┌──
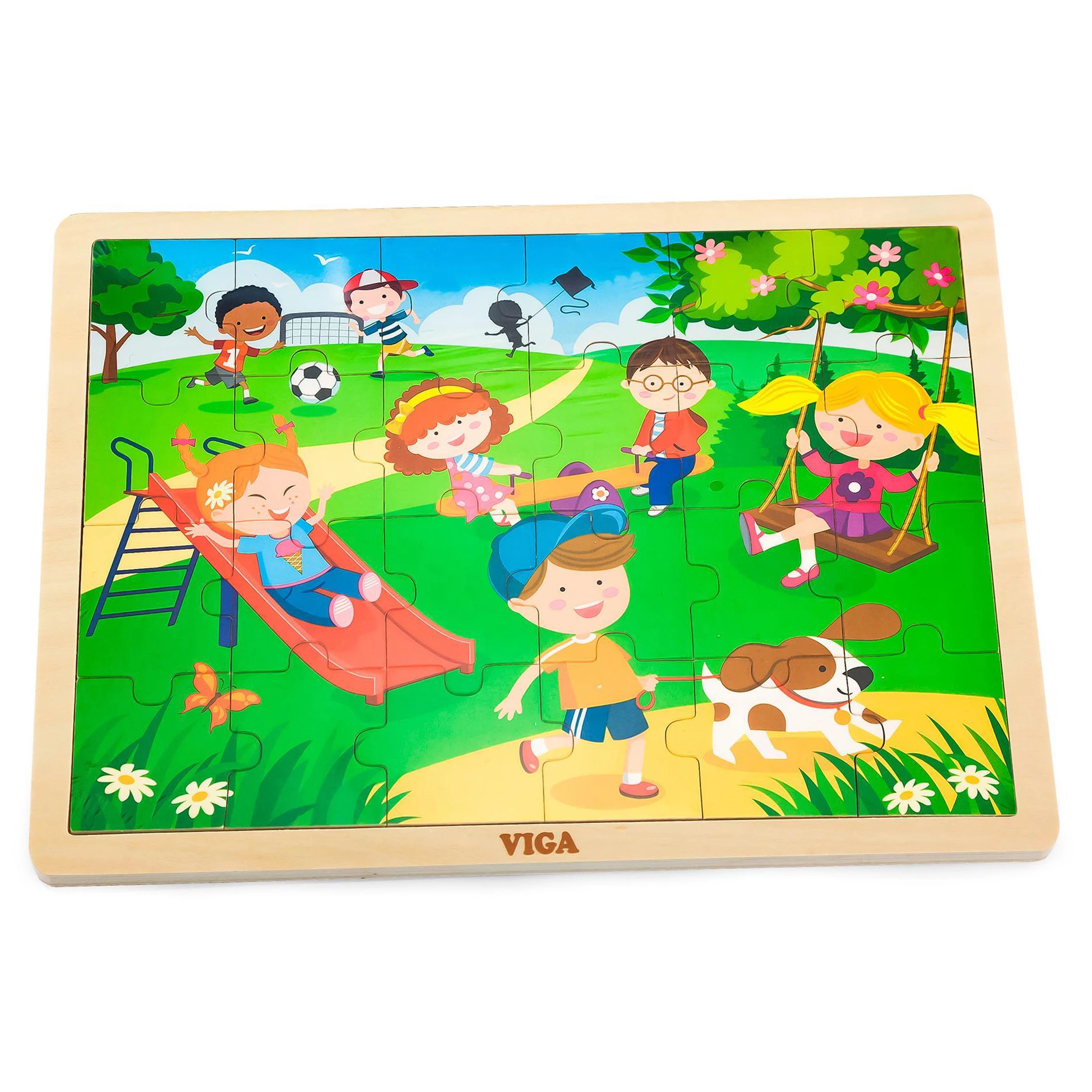 Щоб малюк не заплутався, на підкладці нанесений малюнок пазла. Пазл зроблений з дерева, деталі всі відшліфовані.
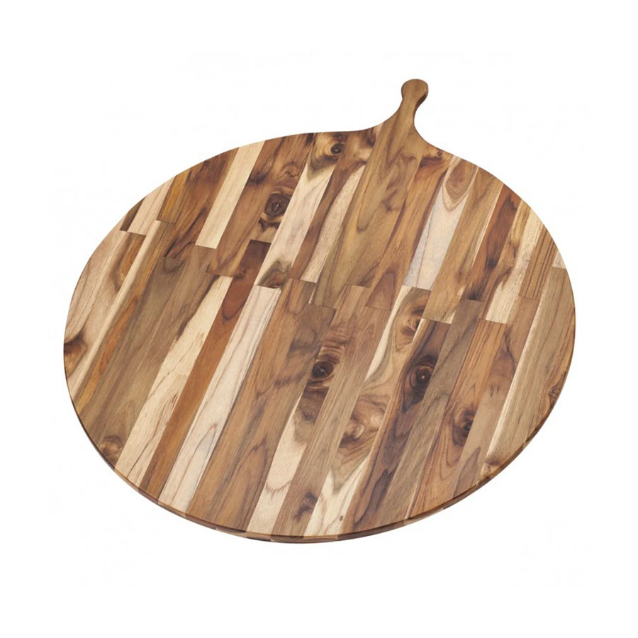 Munie de dimensions impressionnantes de 82,6 x 71,1 x 1,3 cm, cette planche de présentation en teck est l’accessoire idéal pour épater vos invités lors d’un apéritif ou pour une soirée pizza. Le bois de teck est un matériau très robuste et parfaitement étanche, très apprécié pour la fabrication de bateaux ou de mobilier de jardin. Très résistant aux chocs et aux rayures, ce bois a pour particularité une haute teneur en huile naturelle et un grain de bois dur, ce qui protège également le tranchant de vos couteaux pendant la découpe. Cela fait donc de cette planche un accessoire de dressage parfait pour des tapas ou une pizza.
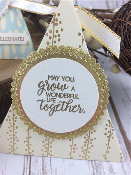 Using the big shot and the 2 1/2" scallop framelit cut out using Myths & Magic glimmer paper.
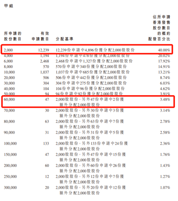 甲组每手2000股,入场费约2,727.21港元。一手中签率40%,认购30手稳中一手。
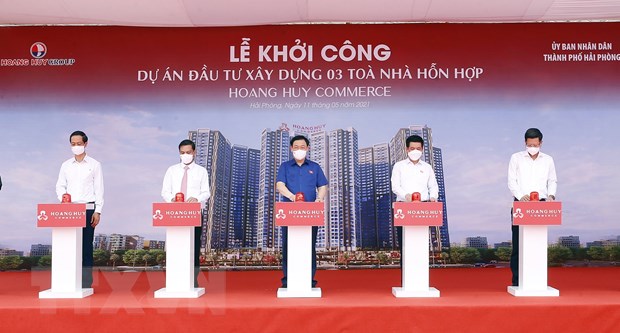 Cùng ngày, Chủ tịch Quốc hội đã dự Lễ khởi công đầu tư xây dựng 3 tòa nhà hỗn hợp Dự án Hoàng Huy Commerce tại phường Kênh Dương và phường Vĩnh Niệm, quận Lê Chân, thành phố Hải Phòng.
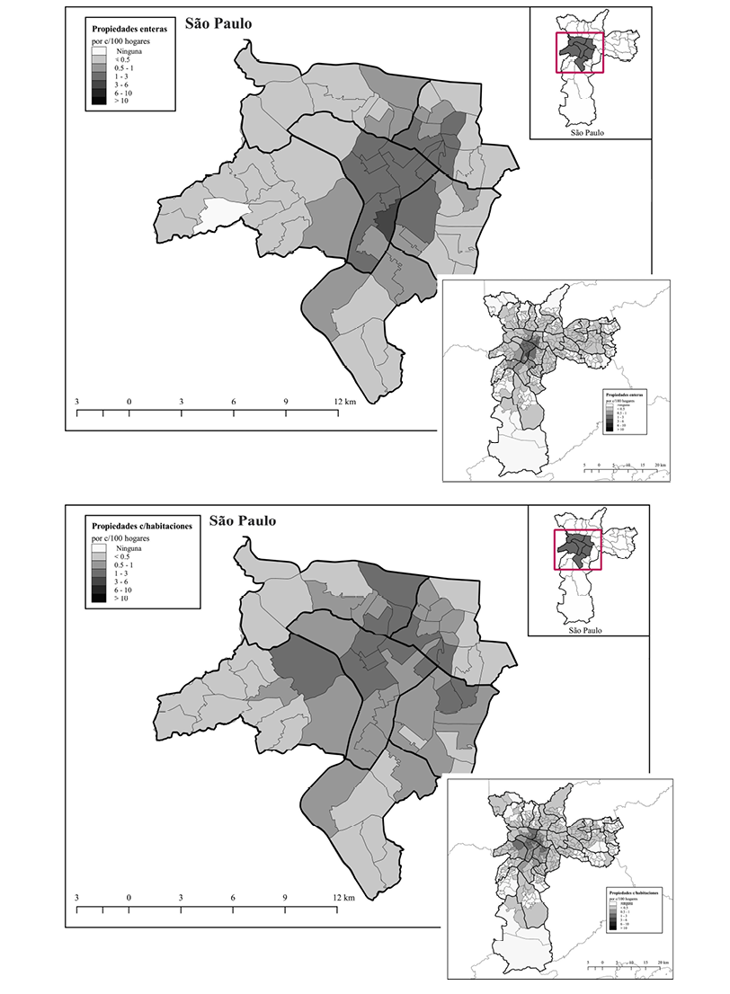 Los resultados obtenidos proporcionan evidencia empírica sobre la similitud de las dinámicas que se están experimentado en Ciudad de México y São Paulo con las de otras ciudades europeas y norteamericanas, aunque con sus singularidades propias. Entre estas especificidades, destacamos el fuerte contraste entre las zonas con mayor y menor presencia de esta actividad y la nula presencia de apartamentos turísticos en amplias zonas de la ciudad, probablemente asociada a la fuerte segregación socioeconómica de ambas ciudades. Ni en los sectores más exclusivos de las zonas suburbanas ni en las áreas en las que reside la población más vulnerable aparece apenas oferta de apartamentos turísticos. La penetración de los apartamentos de alquiler por días en áreas con menor atractivo turístico, pero sí con una fuerte actividad empresarial y financiera, también es un rasgo espacial que destaca, sobre todo en el caso de São Paulo.
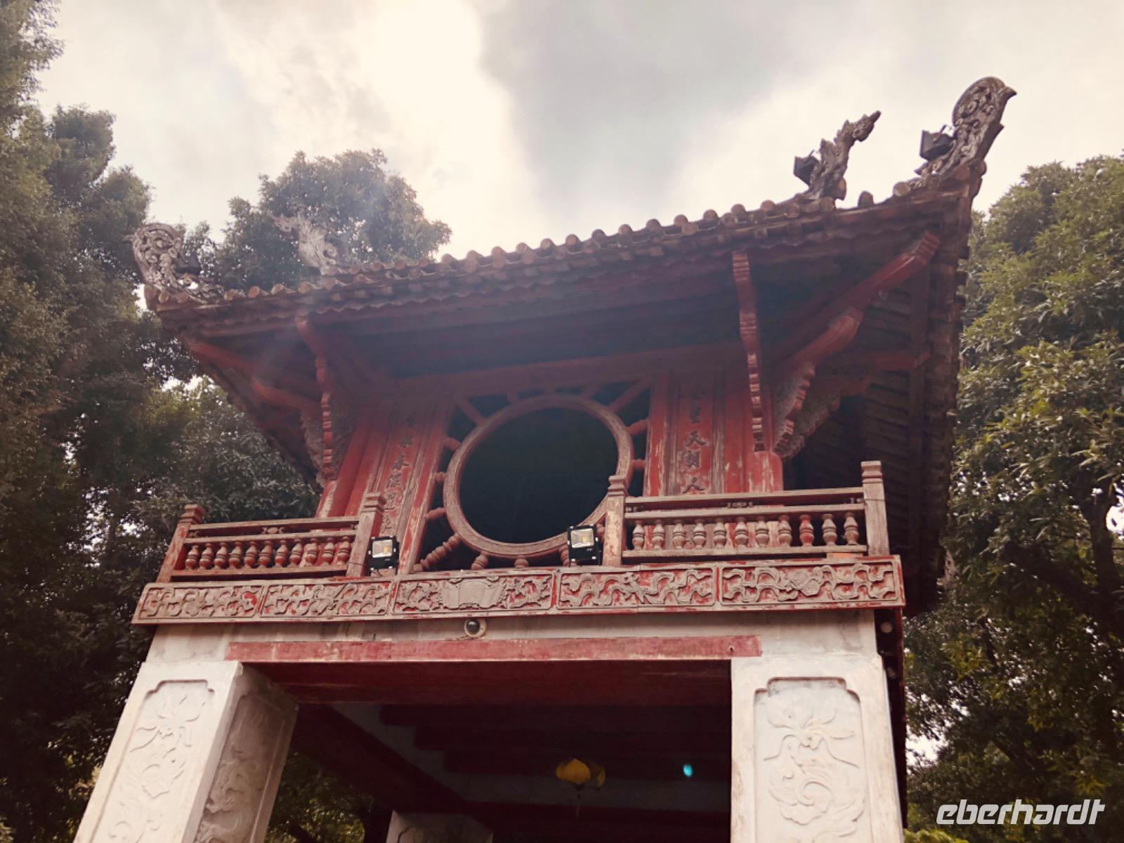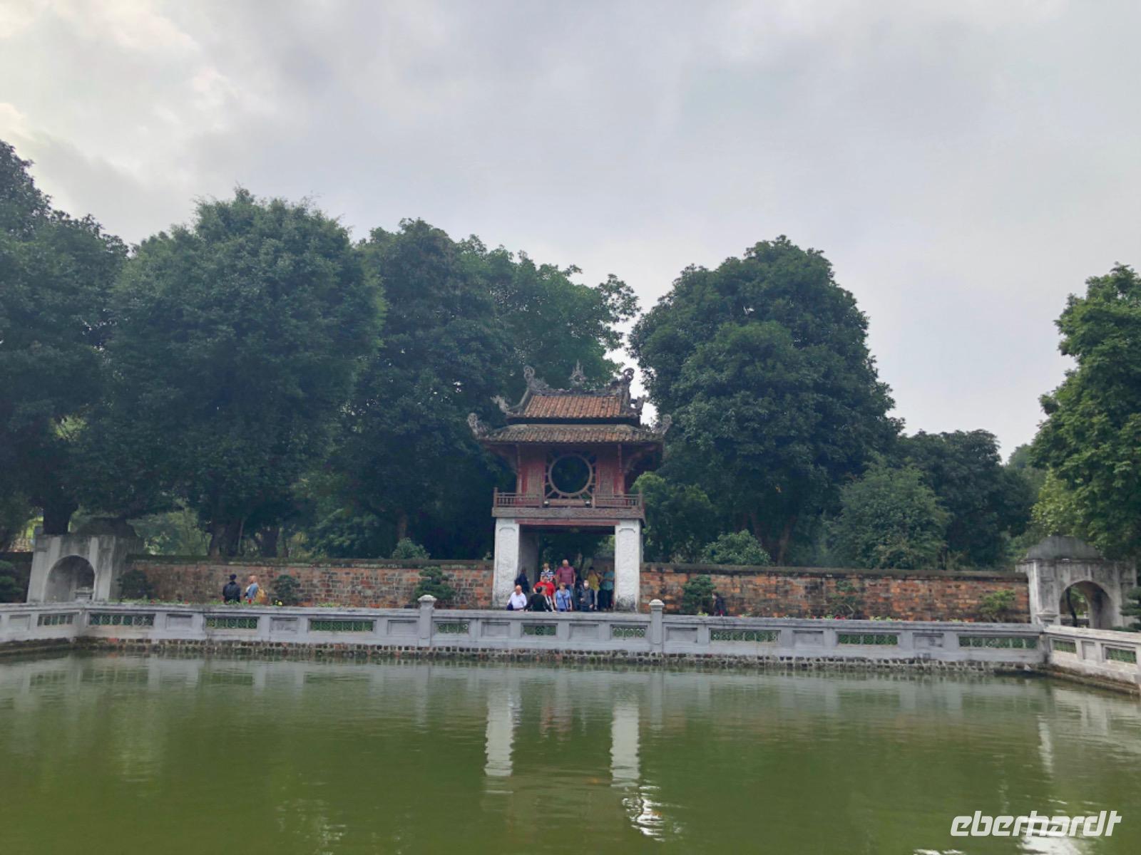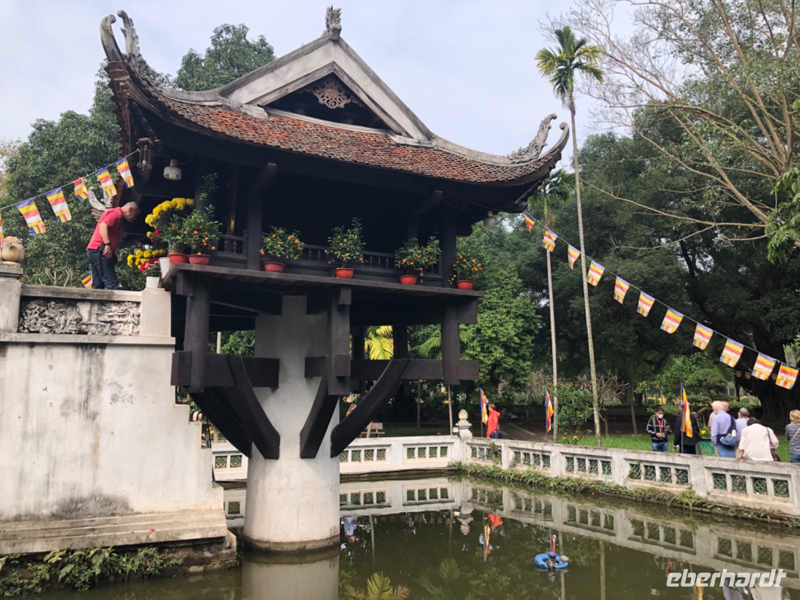 Bevor wir zum Literaturtempel fahren, besuchen wir die Ein-Säulen-Pagode, die ebenso wie der Schildkrötenturm im Hoan-Kiem-See als Wahrzeichen der Stadt gilt. Fast sieht sie aus wie das Hexenhaus im russischen Märchenfilm Abenteuer im Zauberwald, das auf einem Hühnerbein steht. Allerdings ist das „Hühnerbein" der Pagode einmal eine Säule aus Holz gewesen, die vor etlichen Jahren durch eine Betonsäule ersetzt wurde. Dadurch ist der ursprüngliche Charme dahin, nichtsdestotrotz pilgern Touristen aus aller Welt, so wie wir, dorthin - schauen, staunen, fotografieren und kaufen gegebenenfalls Souvenire.
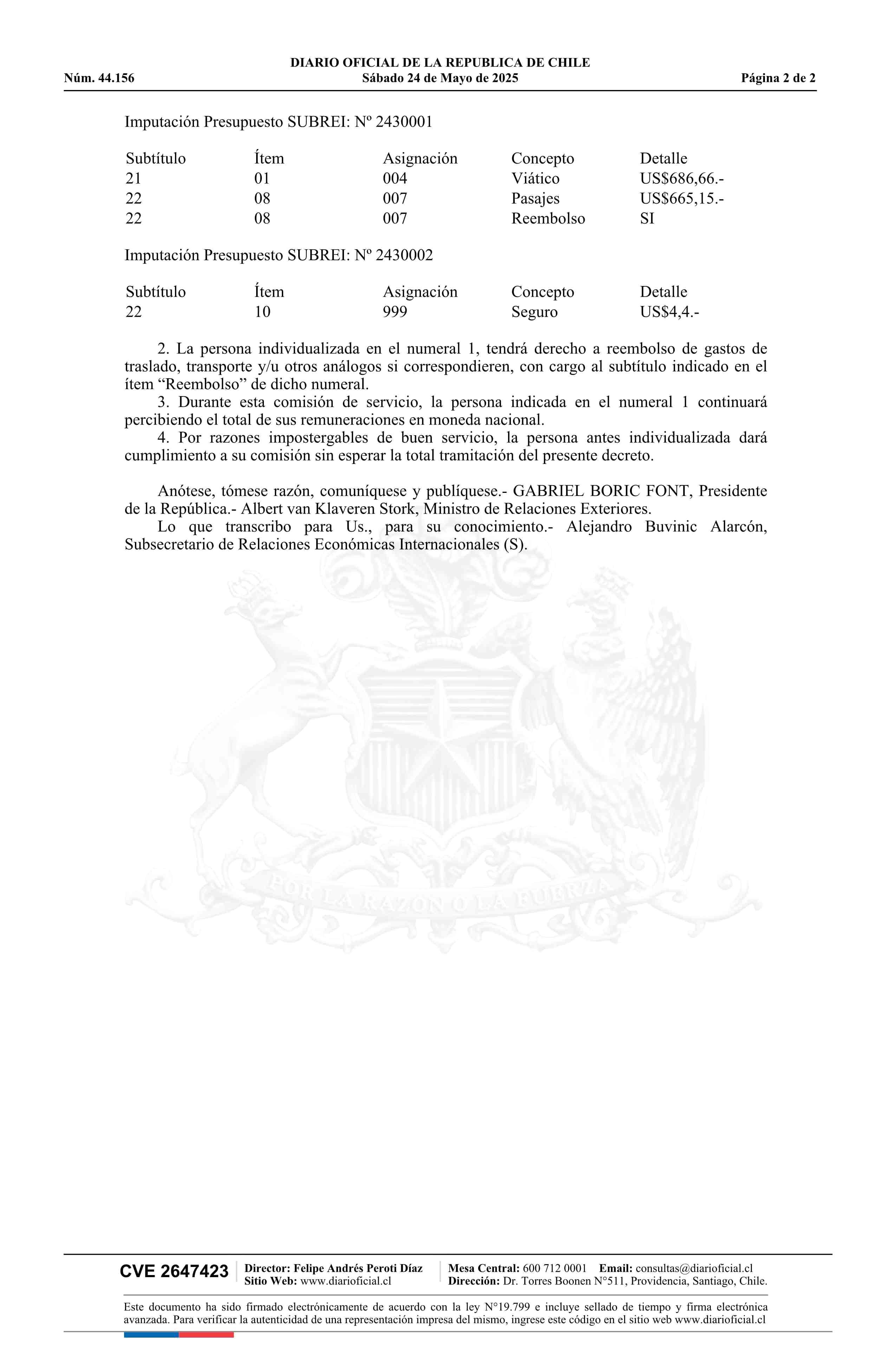 Decreto número 219, de 2024.- Comisiona a doña Claudia Sanhueza Riveros, Subsecretaria de Relaciones Económicas Internacionales, a la ciudad de Montevideo, Uruguay 24-05-2025 Diario Oficial Edición Electrónica |
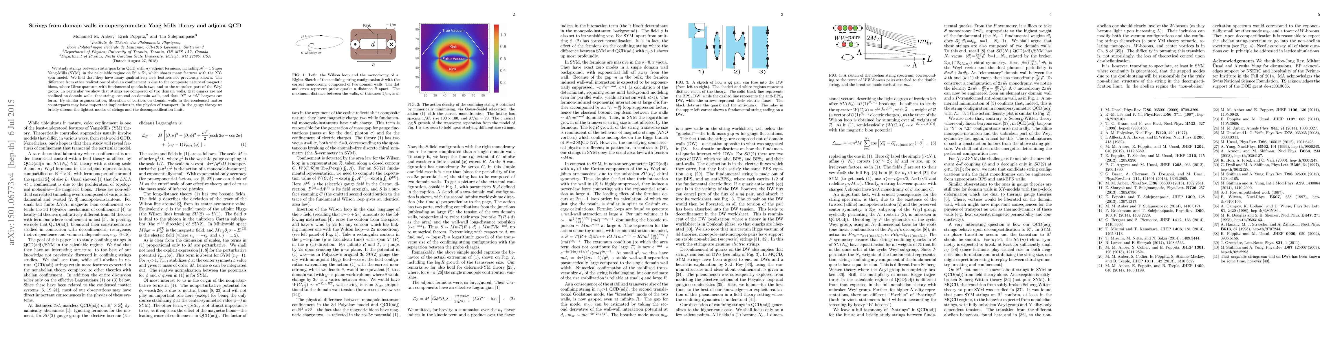 Summary: This paper investigates strings between static quarks in supersymmetric Yang-Mills theory and adjoint QCD, revealing novel features such as strings composed of two domain walls, quarks not confined on these walls, and the formation of "Y" or "$\Delta$" baryons, with a focus on their properties in the $\mathbb{R}^3\times \mathbb{S}^1$ regime.
└──
Return the material above verbatim. Pictures are to be excluded.

 Щоб малюк не заплутався, на підкладці нанесений малюнок пазла. Пазл зроблений з дерева, деталі всі відшліфовані.
 Munie de dimensions impressionnantes de 82,6 x 71,1 x 1,3 cm, cette planche de présentation en teck est l’accessoire idéal pour épater vos invités lors d’un apéritif ou pour une soirée pizza. Le bois de teck est un matériau très robuste et parfaitement étanche, très apprécié pour la fabrication de bateaux ou de mobilier de jardin. Très résistant aux chocs et aux rayures, ce bois a pour particularité une haute teneur en huile naturelle et un grain de bois dur, ce qui protège également le tranchant de vos couteaux pendant la découpe. Cela fait donc de cette planche un accessoire de dressage parfait pour des tapas ou une pizza.
 Using the big shot and the 2 1/2" scallop framelit cut out using Myths & Magic glimmer paper.
 甲组每手2000股,入场费约2,727.21港元。一手中签率40%,认购30手稳中一手。
 Cùng ngày, Chủ tịch Quốc hội đã dự Lễ khởi công đầu tư xây dựng 3 tòa nhà hỗn hợp Dự án Hoàng Huy Commerce tại phường Kênh Dương và phường Vĩnh Niệm, quận Lê Chân, thành phố Hải Phòng.
 Los resultados obtenidos proporcionan evidencia empírica sobre la similitud de las dinámicas que se están experimentado en Ciudad de México y São Paulo con las de otras ciudades europeas y norteamericanas, aunque con sus singularidades propias. Entre estas especificidades, destacamos el fuerte contraste entre las zonas con mayor y menor presencia de esta actividad y la nula presencia de apartamentos turísticos en amplias zonas de la ciudad, probablemente asociada a la fuerte segregación socioeconómica de ambas ciudades. Ni en los sectores más exclusivos de las zonas suburbanas ni en las áreas en las que reside la población más vulnerable aparece apenas oferta de apartamentos turísticos. La penetración de los apartamentos de alquiler por días en áreas con menor atractivo turístico, pero sí con una fuerte actividad empresarial y financiera, también es un rasgo espacial que destaca, sobre todo en el caso de São Paulo.
 Bevor wir zum Literaturtempel fahren, besuchen wir die Ein-Säulen-Pagode, die ebenso wie der Schildkrötenturm im Hoan-Kiem-See als Wahrzeichen der Stadt gilt. Fast sieht sie aus wie das Hexenhaus im russischen Märchenfilm Abenteuer im Zauberwald, das auf einem Hühnerbein steht. Allerdings ist das „Hühnerbein" der Pagode einmal eine Säule aus Holz gewesen, die vor etlichen Jahren durch eine Betonsäule ersetzt wurde. Dadurch ist der ursprüngliche Charme dahin, nichtsdestotrotz pilgern Touristen aus aller Welt, so wie wir, dorthin - schauen, staunen, fotografieren und kaufen gegebenenfalls Souvenire.
 Decreto número 219, de 2024.- Comisiona a doña Claudia Sanhueza Riveros, Subsecretaria de Relaciones Económicas Internacionales, a la ciudad de Montevideo, Uruguay 24-05-2025 Diario Oficial Edición Electrónica |
 Summary: This paper investigates strings between static quarks in supersymmetric Yang-Mills theory and adjoint QCD, revealing novel features such as strings composed of two domain walls, quarks not confined on these walls, and the formation of "Y" or "$\Delta$" baryons, with a focus on their properties in the $\mathbb{R}^3\times \mathbb{S}^1$ regime.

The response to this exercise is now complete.